Alihtia’nın haberine göre Mavroyannis sözde “Girne Belediyesi”nin dün gerçekleştirilen “Uluslararası Unsurun Kıbrıs Sorununun Adil Çözümüne Katkısı” konulu etkinliğinde yaptığı konuşmada “Kıbrıs sorununda çok zor bir dönemden geçiyoruz.  Durum çok çok trajik. Felaketin eşiğindeyiz.  Bize kalan tek şey de bu trajik olguları, insanlarımızın beklenti ve haklarını kısmen adalete erdirecek şekilde tersine çevirmek” dedi.

Mavroyannis Fileleftheros’un yayımlamakta olduğu Crans Montana tutanaklarını yorumlamak istemedi ancak şunları söyledi:

“2017 yazının en kritik anı, Genel Sekreter’in altı maddesi temelinde, kabul edilirse, Kıbrıs sorununun çözüm yoluna geri dönüşü olmayacak şekilde ilerlememiz için bir stratejik anlaşmaya varacak olmamızdı. Kim ne derse desin ortada bir gerçek var ki Türkiye bu altı maddelik paketten 2’sini, garantilerin kaldırılmasını ve Türk askerinin tamamen çekilmesini reddetti. O zaman müzakere devam edemeyecekti ve Genel Sekreter sonlandırdı.”

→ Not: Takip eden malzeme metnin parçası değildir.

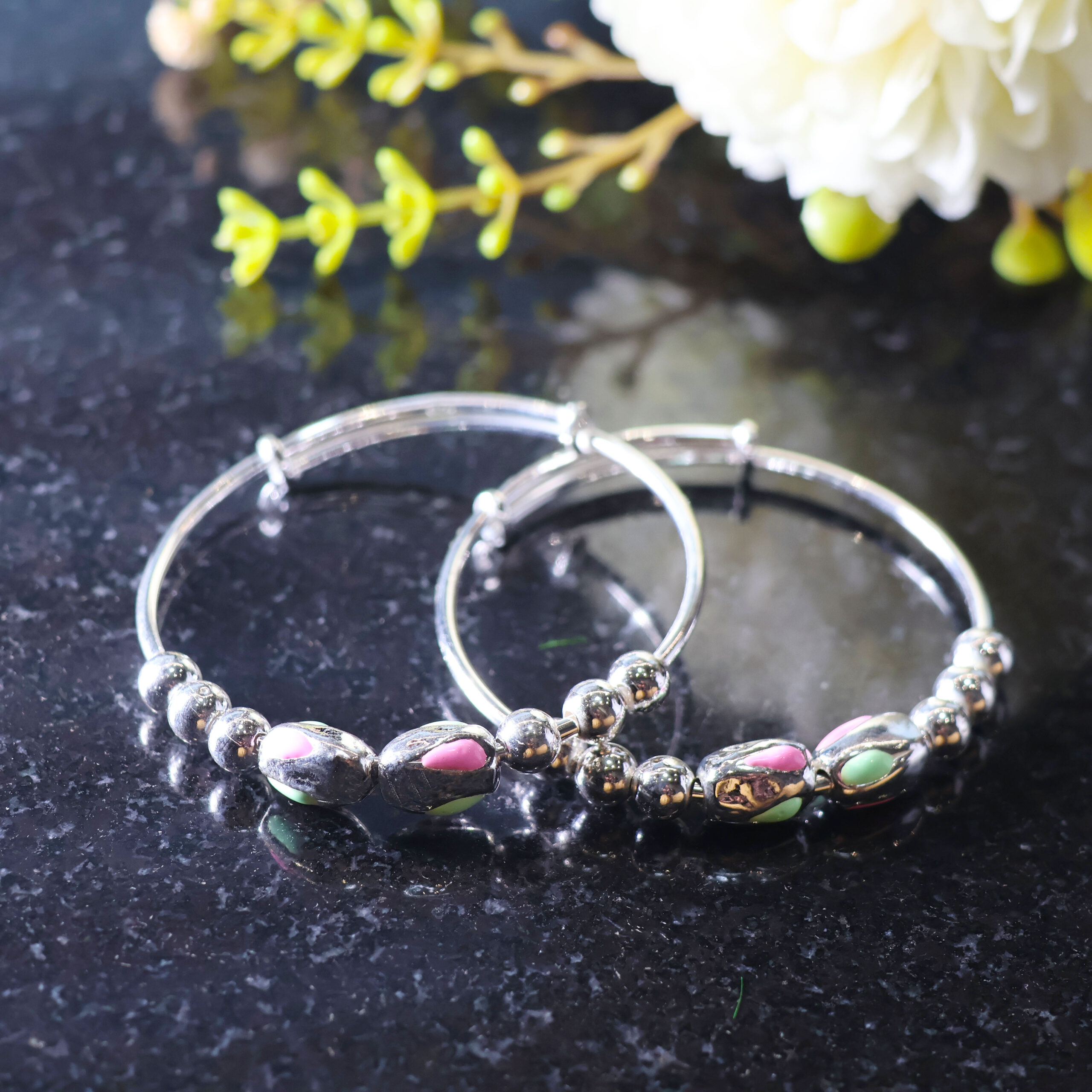 Crafted in polished silver and accented with soft pink and green petals, these kangans gently wrap your baby’s wrist in comfort and color.
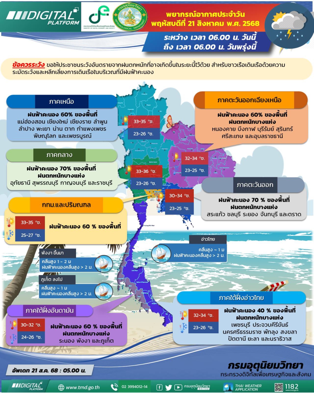 พยากรณ์อากาศประจำวันที่ 3 กันยายน 2568 ตั้งแต่เวลา 06:00 น. วันนี้ถึง 06:00 น. วันพรุ่งนี้
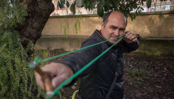 Suena música del interior del pabellón de Guadalcacín (Jerez). En el exterior, un grupo de hombres juega a la petanca, y al fondo, José Vela (Torremelgarejo, Jerez, 1968) descansa sobre un taburete. Sostiene un tirachinas fabricado por él. Estira el brazo derecho hacia delante. Levanta el codo izquierdo, lleva la goma hacia atrás…, y suelta el pellizco de la badana. Los objetivos están a 10 metros. Sus muletas, a dos.
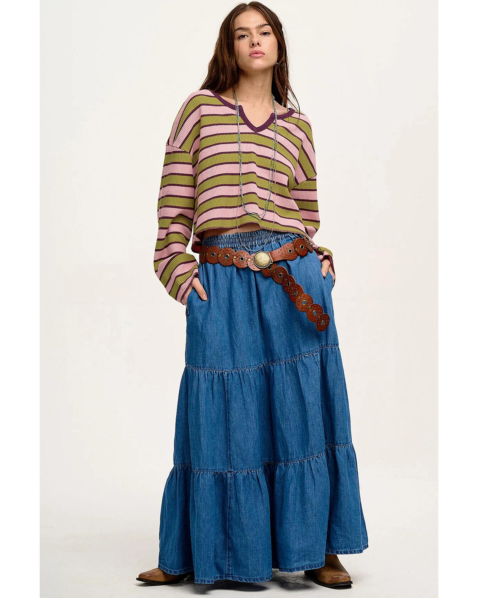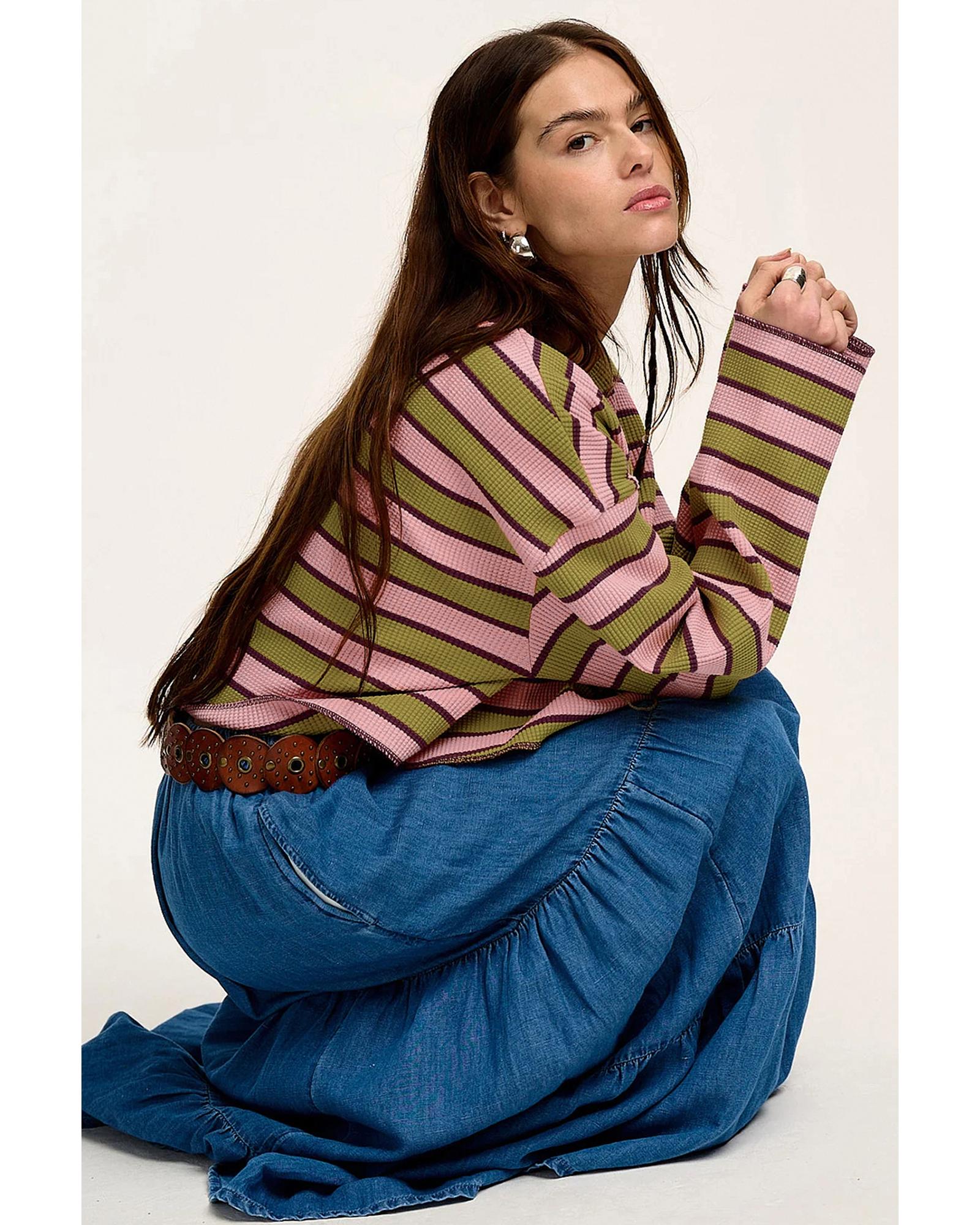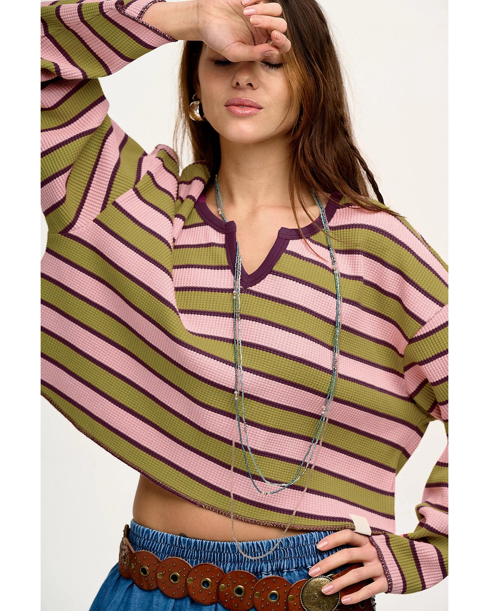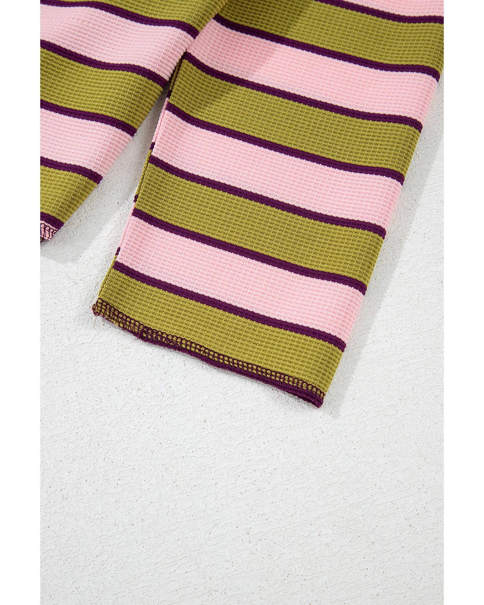 Spinach Green Clashing Stripes Waffle Texture Notched Neck Long Sleeve Top – L

KKTC Cumhurbaşkanlığı’na Ersin Tatar’ın seçilmesinden sonra Türk tarafının müzakerelerin yeniden başlamasına şart koştuğu iki devlet çözümü ve egemen eşitlik tezine geçtiğini söyleyen Mavroyannis “Bu müzakere perspektiflerini havaya uçuruyor” ifadesini kullandı, devamla şunları söyledi:

“Maraş’ta toprakla ilgili, Kıbrıs Cumhuriyeti’nin deniz bölgelerinde ve diğer yerlerdeki durum kötüleşti.  Özellikle deniz bölgelerinde Kıbrıslı Türklerin hakları gerekçesi kullanılıyor ancak bunlar Türkiye’nin, Kıbrıs sorununun çözümü durumunda hiçbir şekilde ortadan kaybolmayacak talepleridir. Komşu ülkelerin haklarını sorgulama politikasıdır. Aynı modeli Ege’de de görüyoruz. Ancak bu saptama bizi çabayı terk etmeye sürüklememeli.”

Mavroyannis Genel Sekreter’in Kıbrıs için temsilci ataması konusuna değinirken “sıfatının tali öneme sahip olduğunu söyledi, “önemli olan, doğru yetkiye sahip olması, ‘oyunun kurallarını belirleyen, Türk ve Kıbrıs Türk taraflarının denetleyici rolünden ve belirlediği parametrelerden kaçamayacağı’ Güvenlik Konseyi kararlarıyla tutarlı hareket etmesidir” dedi.

“Kıbrıs sorununun çözümü için bin bir emek ile uzlaşmayı başardığımız iki bölgeli iki toplumlu federasyon zemininde kımıldamadan durmalıyız” diyen Mavroyannis şunları ekledi:

“Erdoğan’ın ve Tatar’ın söylediği gibi federasyon mantığının iflas ettiği mantığını kabul edemeyiz. En önemlisi de Güvenlik Konseyi kararlarında, 2014 Ortak açıklamasında ve Genel Sekreter’in 6 maddesinde var olan uzlaşılmış parametrelerde ısrar etmemizdir.”